While you should have no problem with the GEOLOCATION_CSV_ EXT table containing about 140,000 rows, you may see nothing when it comes to the ACCESS_CSV_EXT data. The first thing you might want to check out to determine where the problem lies are the ACCESS_CSV_EXT’s access parameters, which you can access through the ALL_EXTERNAL_TABLES data dictionary view. Thus, being connected as sysdba to SQL*Plus, you might issue the following query:
SELECT access_parameters FROM all_external_tables 
WHERE table_name ='ACCESS_CSV_EXT'; 

The output should look like this:
records delimited by newline
    characterset we8mswin1252
    string sizes are in bytes
    nobadfile
    nodiscardfile
    nologfile
    fields terminated by ','
    notrim
    ("USERIP" char,
     "DATETIME" char,
     "SITERESOURCE" char
    )

Examining the above, you might notice that the DATETIME field comes with no date mask, which may cause a problem when accessing the date data whose format differs from the default. The problem can be fixed with the following ALTER TABLE statement:
ALTER TABLE owbtarget.access_csv_ext ACCESS PARAMETERS
   (records delimited by newline
    characterset we8mswin1252
    string sizes are in bytes
 nobadfile
 nodiscardfile
    nologfile
    fields terminated by ','
    notrim
    ("USERIP" char,
     "DATETIME" char date_format date mask "dd-mon-yyyy hh24:mi:ss",
     "SITERESOURCE" char
    )
   );

Now, returning to the Design Center, if you click the Execute Query button in the Data-ACCESS_CSV_EXT window, you should see the rows generated from the data derived from the access.csv file.
All that is left to complete the task of creating the data source object definitions is to import the metadata for the source database tables ACCESSLOG, RESOURCES, and REGIONS described earlier in this section. To do this, you can follow these steps:
  1. In the Projects Navigator, expand the MY_PROJECT->Databases->Oracle->TARGET_MDL node and right-click Tables.
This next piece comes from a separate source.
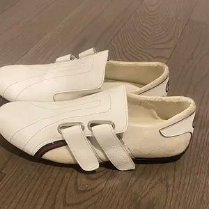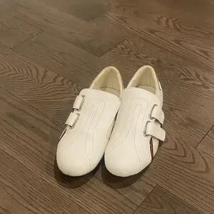 Elegant white sneakers featuring Velcro straps. Subtle black accents add contrast. Perfect for casual wear.

In the popup menu, select Import->Database Objects… to launch the Import Metadata wizard.
  2. On the Filter Information screen of the wizard, select Table as the type of objects you want to import.
  3. On the Object Selection screen, move accesslog, regions, and resources tables from the Available to the Selected pane.
  4. On the Summary and Import screen, click Finish to complete the wizard.
As a result of the above steps, the ACCESSLOG, REGIONS, and RESOURCES objects must appear under the MY_PROJECT->Databases->Oracle->TARGET_MDL->Tables node in the Projects Navigator.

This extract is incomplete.